#### Work instruction
For the entries that appear below, write out the exact text and omit the pictures.

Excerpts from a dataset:
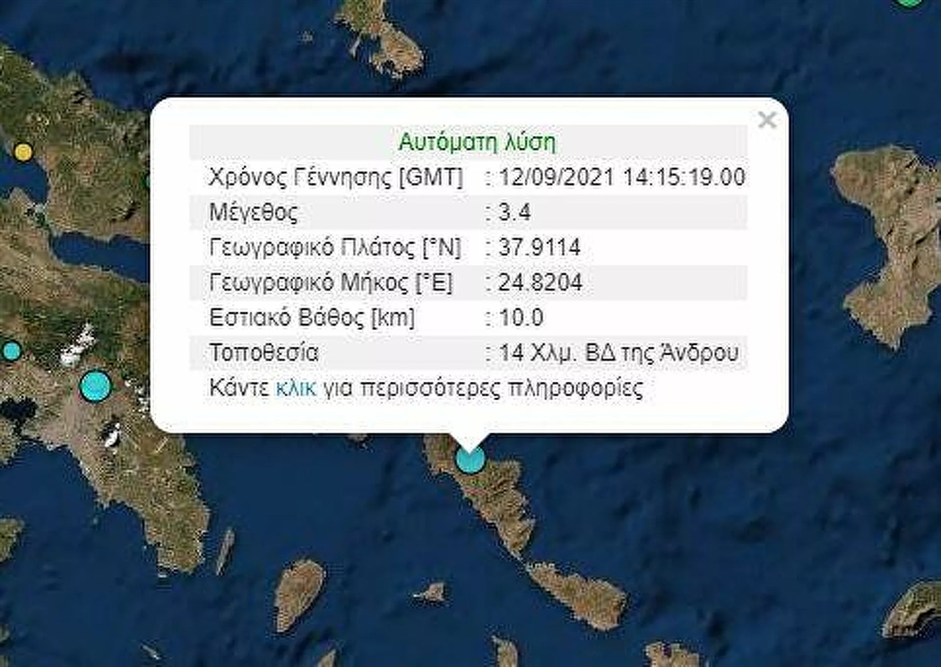 Σεισμός σημειώθηκε το απόγευμα της Κυριακής (12/09) στη θαλάσσια περιοχή της Άνδρου.
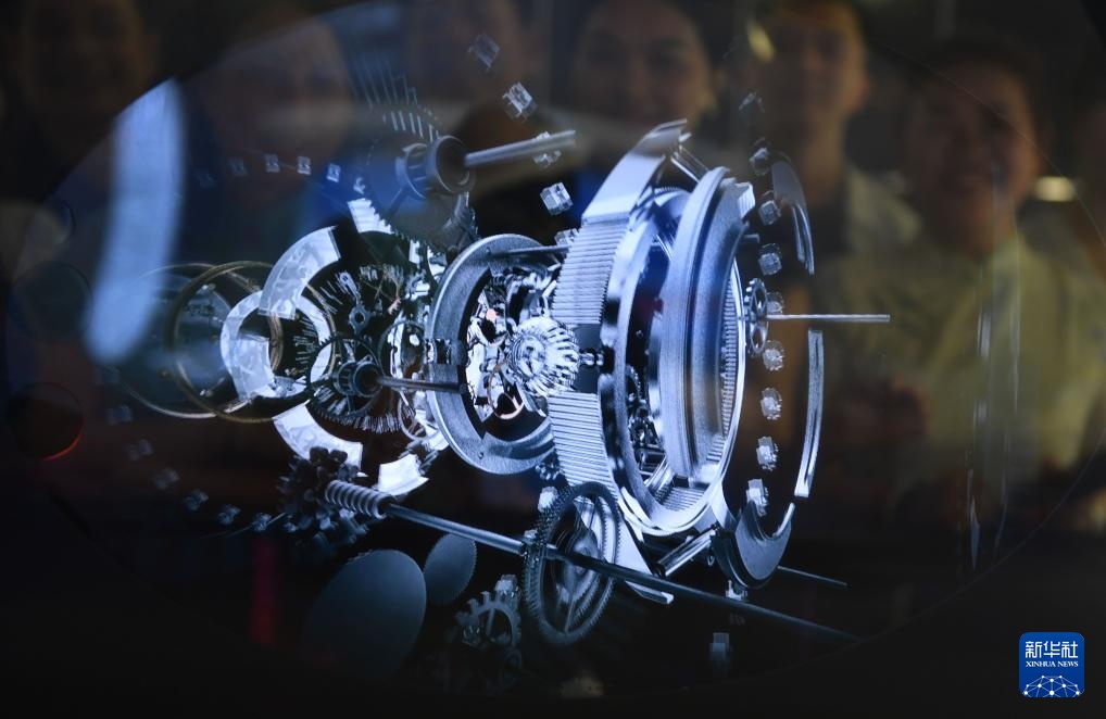 5月17日,游客在船山钟表博物馆内参观用3D全息投影技术展示的手表内部构造。
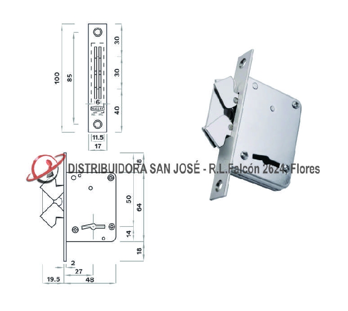 Descripción: CERROJO DOBLE PALETA CORREDIZO KALLAY 3012
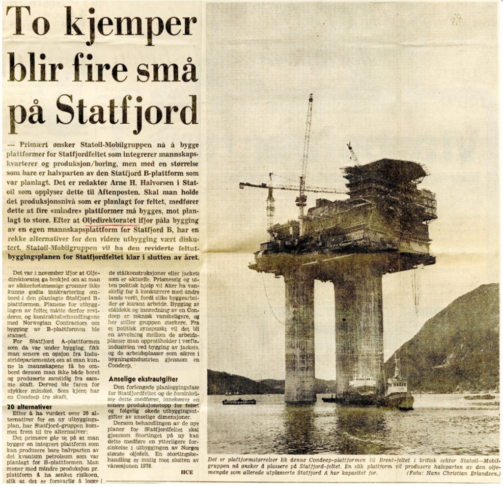 The recently formed Norwegian Petroleum Consultants joint venture had already signed a contract for project management and engineering of the B structure. While fabrication of the deck and outfitting of the concrete shafts remained to be finalised, an option agreement had been reached with the Aker group.
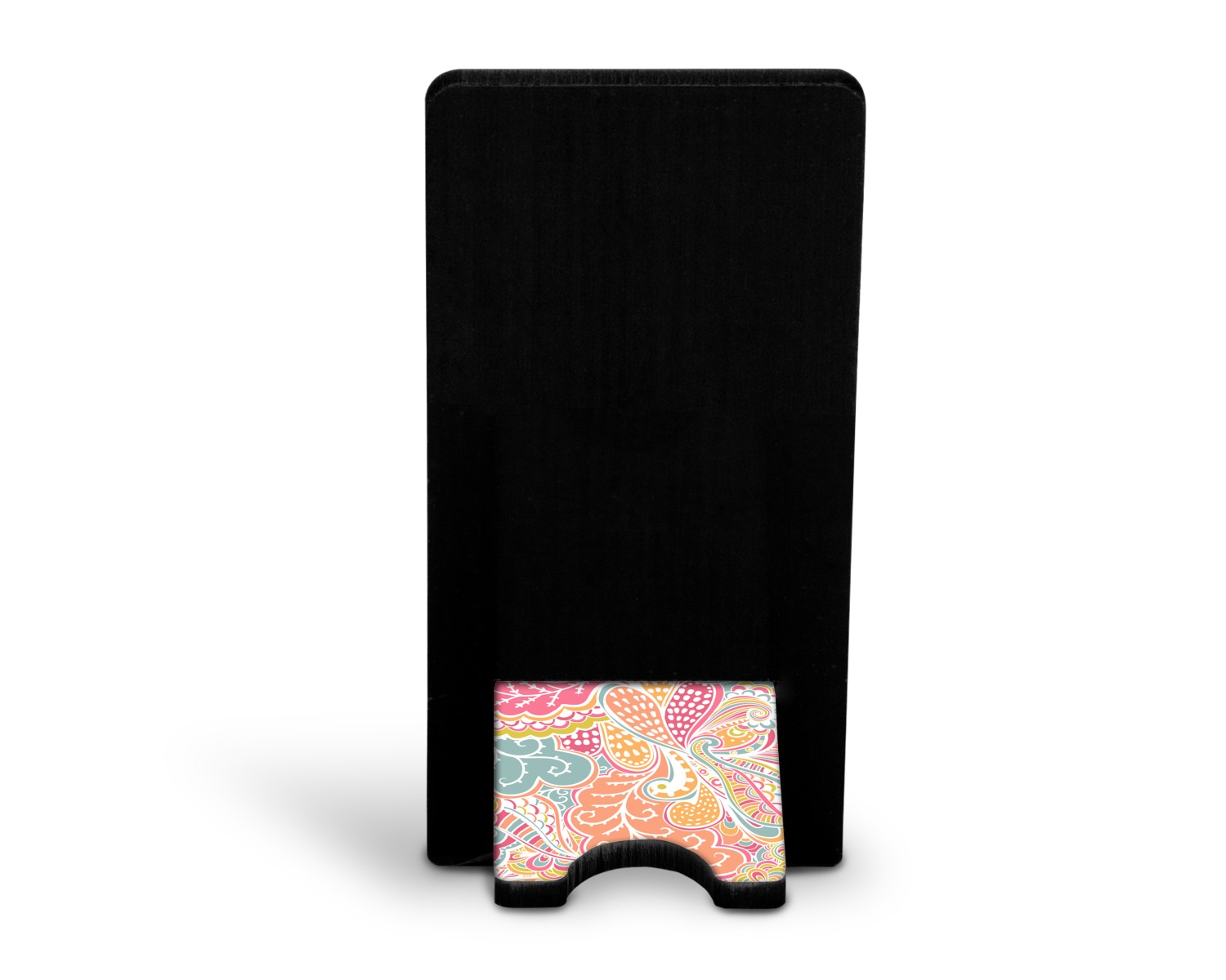 These cell phone holders are comprised of two hardboard pieces, that lock into and steady one another. The bottom part of the mobile phone stand is spacious enough to support both your phone and your charger, while it is not in use. We print your customization atop the face of this stand, while the remaining sides are a sophisticated, black color.
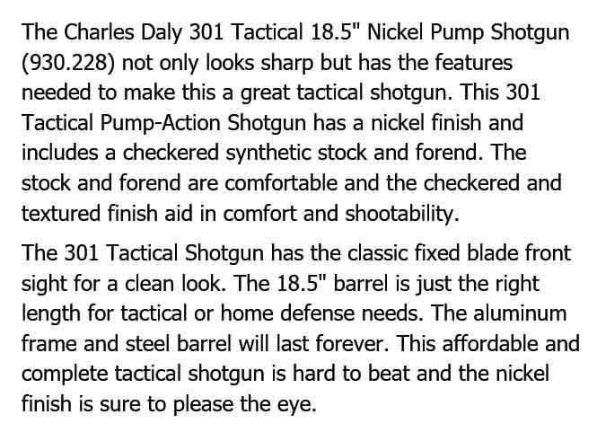 CHARLES DALY 301 12ga 3inTACTICAL NICKEL 18.5in 4rnd quantity
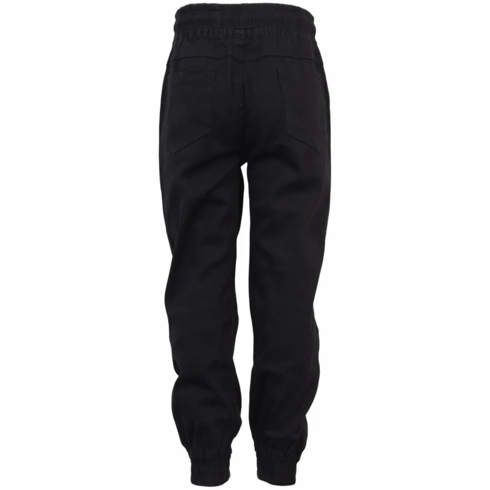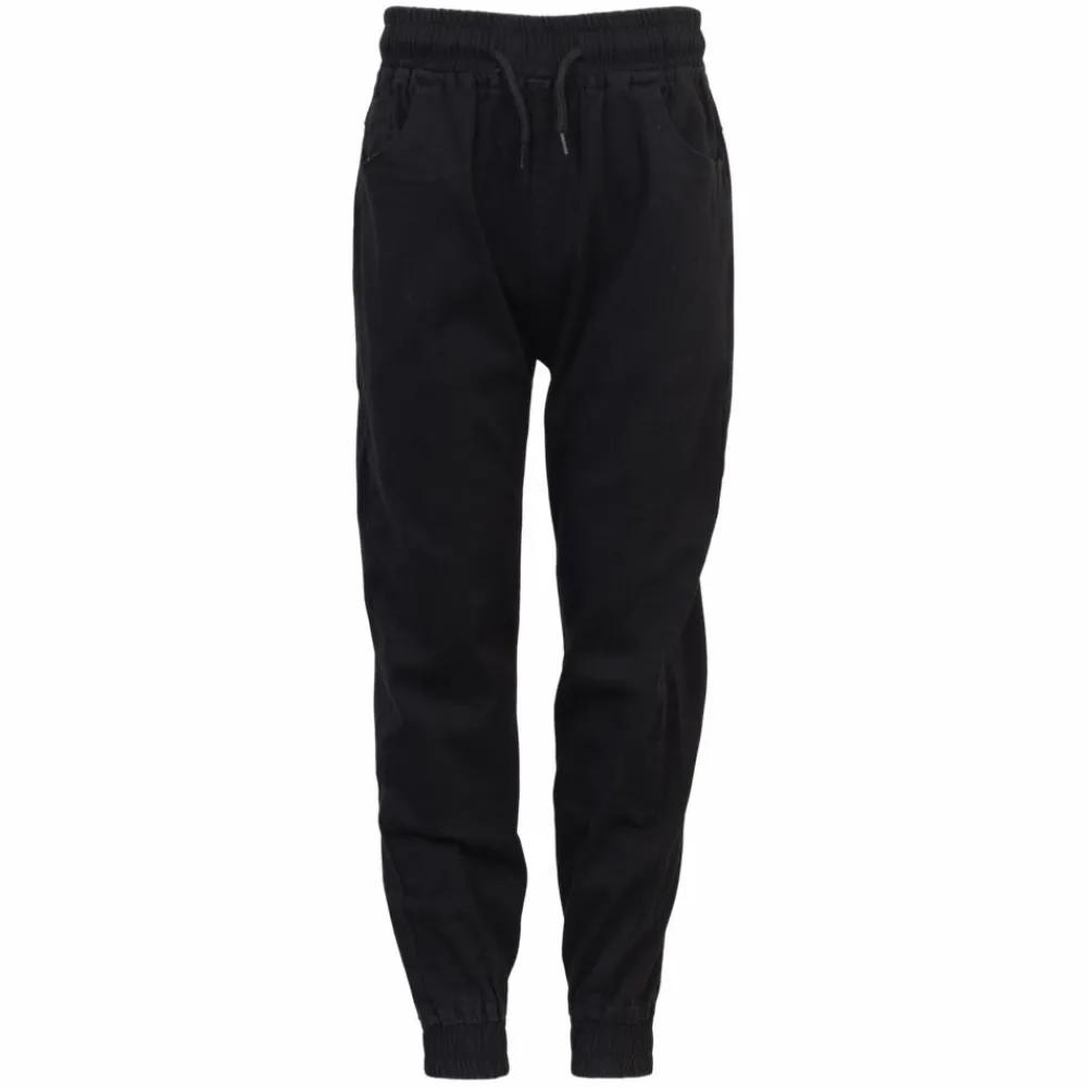Bukser med denimeffekt og afslappet pasform. Bukserne har elastik og snøre i taljen. Bukserne har lommer bagpå og foran samt en møntlomme. Bukserne har elastikrib ved buksebenets afslutning, som skaber et let poset look.

#### Written answer
 Σεισμός σημειώθηκε το απόγευμα της Κυριακής (12/09) στη θαλάσσια περιοχή της Άνδρου.
 5月17日,游客在船山钟表博物馆内参观用3D全息投影技术展示的手表内部构造。
 Descripción: CERROJO DOBLE PALETA CORREDIZO KALLAY 3012
 The recently formed Norwegian Petroleum Consultants joint venture had already signed a contract for project management and engineering of the B structure. While fabrication of the deck and outfitting of the concrete shafts remained to be finalised, an option agreement had been reached with the Aker group.
 These cell phone holders are comprised of two hardboard pieces, that lock into and steady one another. The bottom part of the mobile phone stand is spacious enough to support both your phone and your charger, while it is not in use. We print your customization atop the face of this stand, while the remaining sides are a sophisticated, black color.
 CHARLES DALY 301 12ga 3inTACTICAL NICKEL 18.5in 4rnd quantity
Bukser med denimeffekt og afslappet pasform. Bukserne har elastik og snøre i taljen. Bukserne har lommer bagpå og foran samt en møntlomme. Bukserne har elastikrib ved buksebenets afslutning, som skaber et let poset look.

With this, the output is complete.